[[Contents]]

GENERAL INTRODUCTION.

There exists an extensive literature on slavery. Many of these works are intended for philanthropic purposes, viz. to further the suppression of the African slave-trade, whereas many others contain historical investigations of slavery among ancient or modern nations.

The present volume will not rank among either of these categories, but deal with the general character of slavery as an industrial system. Slavery has played a great part in the social history of mankind. Social life among most of the ancient nations was based upon slavery, and in many colonies it subsisted until far into the 19th century. On the other hand, in the civilized countries of to-day all industrial operations are carried on with free labour. Whence this difference? Why have slavery and serfdom gradually declined in the course of European history, so that at the close of the Middle Ages they had already in a large degree lost their significance? These problems can only be solved if we know the conditions necessary for the success of slavery as an industrial system, and the inverse conditions under which slave labour must give way to free labour. We shall try to find these conditions, or at least some of them.

We shall use the comparative method, collecting facts and inquiring what regularities can be found in these facts, under what general rules they may be included. But before enlarging upon our method we must say a few words concerning a limitation we have put upon our subject.

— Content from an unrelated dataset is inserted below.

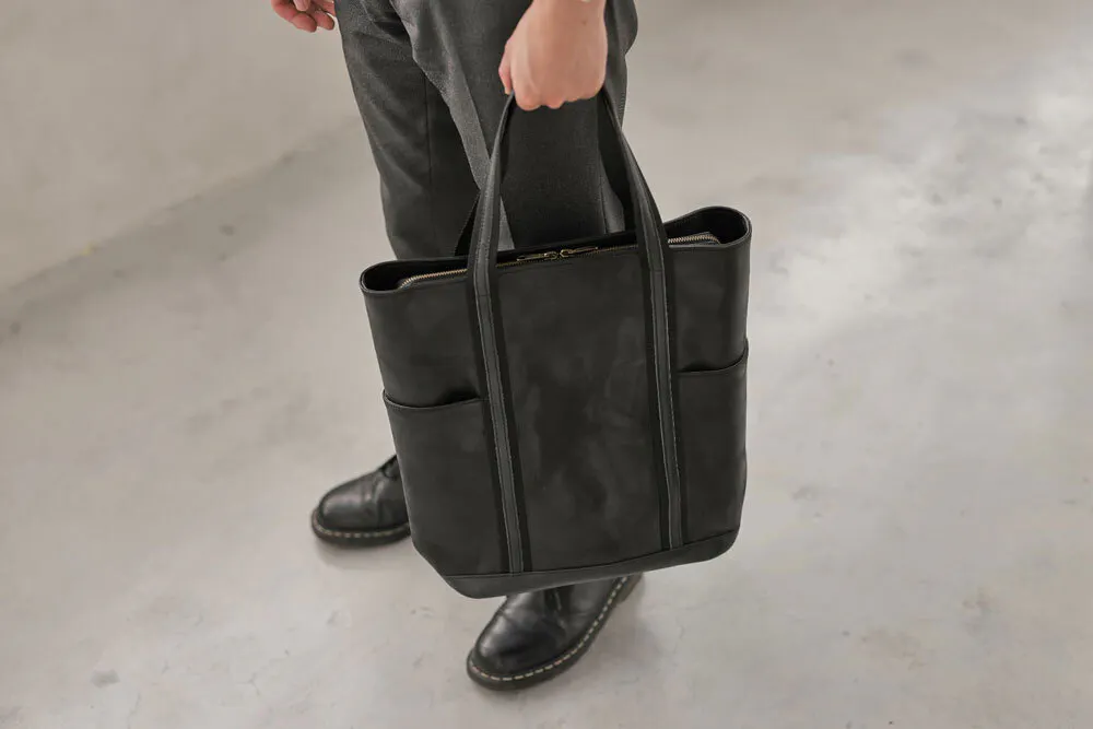 一般的なブリーフケースといえばナイロン製がほとんどで今や百貨店やセレクトショップでもなかなか牛革製のものを見ることが少なくなりました。今回のバッグは素材にもこだわり、上品なだけでなく、タフな雰囲気で使いやすさも兼ね備えました。

Our book, as the title shows, contains ethnological researches. We confine ourselves to investigating the conditions which govern the existence or non-existence of slavery among savage tribes, and the materials we make use of are exclusively ethnographical materials, i.e. descriptions of savage tribes.

Ethnology has already made considerable progress, and is taking a conspicuous place among the Mental Sciences. Yet some ethnologists still proceed in a somewhat narrow and one-sided manner. They generally aim at reconstructing the early history of mankind with the help of [[XVI]]ethnographical data. The savages representing primitive man, or at least man in a more primitive state than we can find by direct historical research, they draw inferences from the actual state of savage tribes as to the early state of mankind at large. This kind of study has been very useful, especially in removing narrow views on human development which existed at a time, when the traditions of a few ancient nations were still considered to be the only evidence as to early history. But this should not be the sole, nor even the main object of ethnological investigation. It is sociological laws that we want in the first place. It is certainly interesting to know what changes have taken place in early history; but it is far more important to know on what circumstances the existence of each social phenomenon depends. And for this purpose ethnology can be of considerable use. Among savages social life is much simpler than among civilized men; the factors which govern it are comparatively few, and so the effect of each of them can be traced without much difficulty. We can thus, by comparing the institutions of many savage tribes, find sociological laws, several of which will have a wider application and lead us to a clearer understanding of the conditions which govern the social life of civilized nations. For instance, the study of moral phenomena among savages has already given us a deeper insight into morality at large.

The conclusions we arrive at in this book are of two kinds. Some of them apply to savages only and cannot further our understanding of civilized life. For instance, we shall see that settled tribes are more likely to keep slaves than nomadic tribes; but civilized, and even semi-civilized peoples are hardly ever nomadic. Other conclusions, however, have a more general bearing. Thus we shall find that slavery is not likely to exist in those countries, where all land is held as property. And as this has been the case in Western Europe for some centuries, we discover one of the principal causes, perhaps the main cause, why slavery (and serfdom, which is a mitigated form of slavery), have long since disappeared in these countries.

We do not, however, make any systematic inquiry into the bearing of the laws found by investigating the phenomena of savage life on the study of social life among civilized and semi-civilized nations. Where phenomena of civilized life occur to us which bear a striking resemblance to what we find among savages, we mention them briefly, generally in a note. Only in one case we go farther. Where we find that the relation between land and population is a factor of the utmost importance in shaping the lot of the labouring classes, it is obvious that this factor must have played a great part in the social history of Europe, and therefore we adduce some statements of historians in corroboration of our view. Yet, even here, it is our object to claim attention for this factor that is commonly overlooked, and clear the way for future research, rather [[XVII]]than to give a ready explanation of the decline of serfdom in Western Europe. We are thus justified in making use of only a small part of the literature on this subject.

As we have already said, we proceed by an inductive, comparative method. We first collect ethnographical materials. Then we critically determine the meaning and reliability of the statements of our informants. We thus see where slavery exists, and where it is absent. And finally we inquire what are the causes of the observed phenomena.